Donor Profile: Dr. Steve Dater of Rockford, Mich.13 min read
Service to dentistry, community, country and more
This profile is one in a series highlighting School of Dentistry alumni, donors and students.
Ann Arbor, Mich., Nov. 27, 2018 — Dr. Steve Dater spent the first 25 years of his professional life representing dentistry in many ways, from the local level in west Michigan where he practices to the Michigan Dental Association and the American Dental Association.
Starting a couple of years after he graduated from the University of Michigan School of Dentistry in 1988, his resume documents the many committee assignments and other roles leading up to and after his term as MDA president in 2007-08. At the national level, he lobbied Members of Congress in Washington on dental issues for the ADA’s Council on Governmental Affairs, one of several ADA commitments. He traveled to Ukraine three times on personal mission trips to provide dental care for orphaned children. He served two years on the Professional Advisory Group for Delta Dental of Michigan, and earlier in his career was an instructor and advisor for his local community college dental program. He is currently chair of the Alumni Society Board of Governors for the U-M dental school.
All the while, he has continued his general dentistry practice in Rockford, 15 miles north of Grand Rapids, while raising three children with his wife, Mary. Add in service club and church work, Meals on Wheels and coaching his kids in hockey, baseball and basketball, and you get the idea — Dater is a very engaged leader in his community and profession.

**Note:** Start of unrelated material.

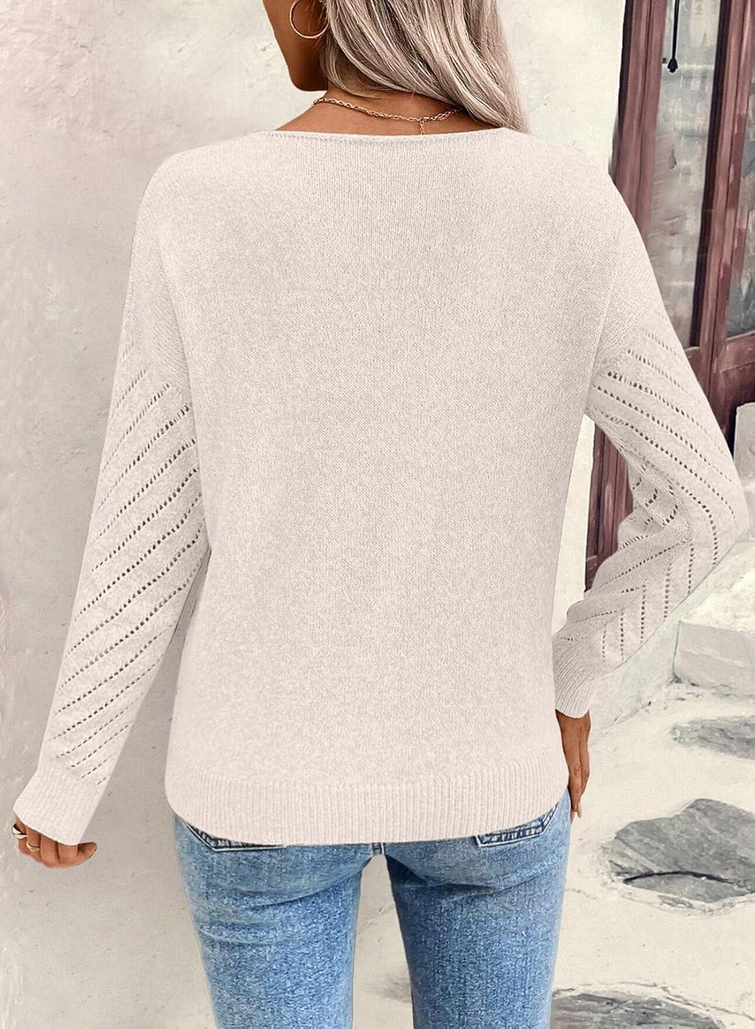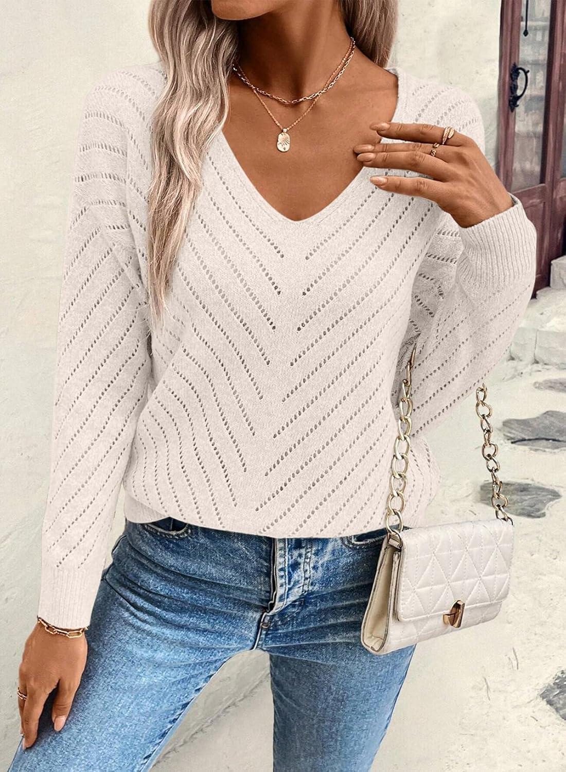 SHEWIN Women’s Sweaters Casual Long Sleeve V Neck Lightweight Crochet Pullover Sweater Tops

And then, five years ago, when most mid-career professionals might think of slowing down a bit, Dater added yet another significant professional — and patriotic — commitment to his life. He joined the U.S. Navy Reserve to share his dentistry skills with members of the military and the outreach missions they perform. His decision came after his daughter, Stephanie, considered joining the Navy to help pay for her dental education at the University of Detroit Mercy dental school. Although she didn’t take that route, she mentioned to the recruiters that her dad, a dentist, had always been interested in military service, so the recruiters turned their attention to Steve. He was 49 at the time, which is eight years past the standard age cut-off for new recruits, but the recruiter wanted Dater’s dental skills enough to offer an age waiver — if Dater could pass the recruit fitness exam. With the help of a trainer and his wife, who is a runner, Dater improved his strength and endurance enough to pass the exam.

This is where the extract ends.